• What is needed
Go to the line below containing "2026年4月1日14时30" and print exactly from there through the line containing "Depusheng Wireless Microphone, Professional", both included. Print nothing else.

• Supplied entries
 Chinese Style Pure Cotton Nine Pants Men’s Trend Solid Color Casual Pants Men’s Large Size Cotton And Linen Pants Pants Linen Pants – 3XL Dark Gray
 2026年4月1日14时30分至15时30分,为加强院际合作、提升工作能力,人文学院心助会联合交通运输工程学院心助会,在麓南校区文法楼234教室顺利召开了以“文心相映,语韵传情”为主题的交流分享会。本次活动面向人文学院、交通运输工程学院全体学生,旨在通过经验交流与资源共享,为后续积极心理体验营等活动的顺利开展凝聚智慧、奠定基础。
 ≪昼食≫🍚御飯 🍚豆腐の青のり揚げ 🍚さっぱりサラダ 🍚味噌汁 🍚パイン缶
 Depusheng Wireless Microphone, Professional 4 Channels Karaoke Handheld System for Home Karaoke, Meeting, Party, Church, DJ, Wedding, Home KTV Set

...

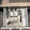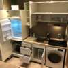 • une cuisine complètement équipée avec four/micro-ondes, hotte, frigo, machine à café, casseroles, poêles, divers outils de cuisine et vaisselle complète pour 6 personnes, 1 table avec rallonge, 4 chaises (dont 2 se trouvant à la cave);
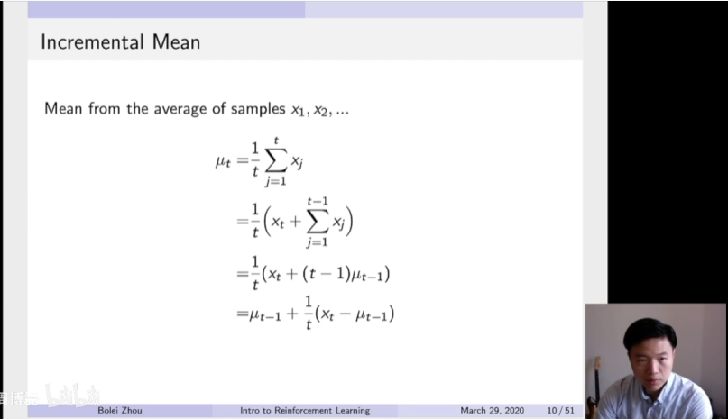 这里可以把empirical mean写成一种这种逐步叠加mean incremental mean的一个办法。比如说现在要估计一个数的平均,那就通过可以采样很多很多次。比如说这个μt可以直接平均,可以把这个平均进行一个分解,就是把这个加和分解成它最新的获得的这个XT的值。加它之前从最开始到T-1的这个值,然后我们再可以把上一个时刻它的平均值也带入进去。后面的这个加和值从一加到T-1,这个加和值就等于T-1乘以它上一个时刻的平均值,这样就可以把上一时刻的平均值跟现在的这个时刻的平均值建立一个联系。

• Task result
 2026年4月1日14时30分至15时30分,为加强院际合作、提升工作能力,人文学院心助会联合交通运输工程学院心助会,在麓南校区文法楼234教室顺利召开了以“文心相映,语韵传情”为主题的交流分享会。本次活动面向人文学院、交通运输工程学院全体学生,旨在通过经验交流与资源共享,为后续积极心理体验营等活动的顺利开展凝聚智慧、奠定基础。
 ≪昼食≫🍚御飯 🍚豆腐の青のり揚げ 🍚さっぱりサラダ 🍚味噌汁 🍚パイン缶
 Depusheng Wireless Microphone, Professional 4 Channels Karaoke Handheld System for Home Karaoke, Meeting, Party, Church, DJ, Wedding, Home KTV Set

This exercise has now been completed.